Initial projection of diabetes on xy-plane:
After generating leaves, xy projection of mean of each leafs:
Initial projection of iris on xy-plane:
After generating leaves, xy projectin of mean of each leafs:
>>close 10
+test: [6.1, 2.8, 4.7, 1.2, '2']
closest leaf: 10 : [[6.2, 2.2, 4.5, 1.5, '2'], [6.3, 3.3, 4.7, 1.6, '2'],
[6.0, 2.2, 4.0, 1.0, '2'], [5.4, 3.0, 4.5, 1.5, '2'], [5.9, 3.0, 5.1, 1.8, '3'],
[7.0, 3.2, 4.7, 1.4, '2'], [5.8, 2.7, 5.1, 1.9, '3'], [5.9, 3.2, 4.8, 1.8, '2'],
[5.5, 2.3, 4.0, 1.3, '2'], [6.0, 3.4, 4.5, 1.6, '2'], [5.8, 2.7, 5.1, 1.9, '3'],
[6.0, 2.2, 5.0, 1.5, '3']] len: 12
0.26461058269 norm value for $sepallength
1.08565813063 norm value for $sepalwidth
5.43565621149e-12 norm value for $petallength
0.0209937597598 norm value for $petalwidth
0.794035419022 norm value for $sepallength
0.75813597268 norm value for $sepalwidth
0.963579623489 norm value for $petallength
0.913012880861 norm value for $petalwidth
likelyhood: {'3': -33.02818692221201, '2': -2.3785944862966026}
want: 2 got: 2
If the dataset has a low frequency class values, then accuracy might not be a good factor for evaluation.
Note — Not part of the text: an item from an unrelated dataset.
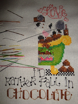 I wonder what I need to stitch above the lovely cow, who is sitting in a bad of choclate i think.

We need to use "precision" and "recall" which are class specific and can be used to evaluate predictors.
Remember Abcd.py??
After running the hypothesis for accuracy, the output is as follows:
Diabetes:
nb
67.97 68.63 69.28 69.93 71.24 71.24 72.55 73.2 73.86
73.86 74.51 74.51 74.51 74.51 75.16 75.82 75.82 76.47
77.12 77.12 77.12 77.78 81.05 81.05 82.35
nb-tree
39.87 41.83 42.48 43.14 43.14 45.75 46.41 47.06 47.71
48.37 49.67 50.33 50.33 50.98 50.98 50.98 50.98 51.63
51.63 52.29 52.29 54.25 54.25 54.25 54.9
Iris:
nb
86.67 90.0 90.0 90.0 93.33 93.33 93.33 93.33 93.33 93.33
93.33 96.67 96.67 96.67 96.67 96.67 96.67 100.0 100.0 100.0
100.0 100.0 100.0 100.0 100.0
nb-tree
73.33 73.33 73.33 73.33 73.33 76.67 76.67 76.67 80.0 80.0
80.0 83.33 83.33 86.67 86.67 86.67 86.67 86.67 86.67 90.0
90.0 93.33 93.33 93.33 93.33
Accuracy figures of various data sets on nb-tree:
As we can observe, the effectiveness of naive bayes is decreased in few cases and improves sometimes when the hypothesis is implemented.
Many cases are possible:
I would like to test the hypothesis by running naive bayes at nodes instead of leaves by recursively traversing the tree till I get a good node of similar rows.
Also, as the hypotheses is tested only on 6 datasets, I would like to test it on varying sets of data and check its effectiveness.
The naive bayes tree may not be effective when predictor is run on leaves of tree. The assumption that nb is more effective when it is run on similar data may not hold true.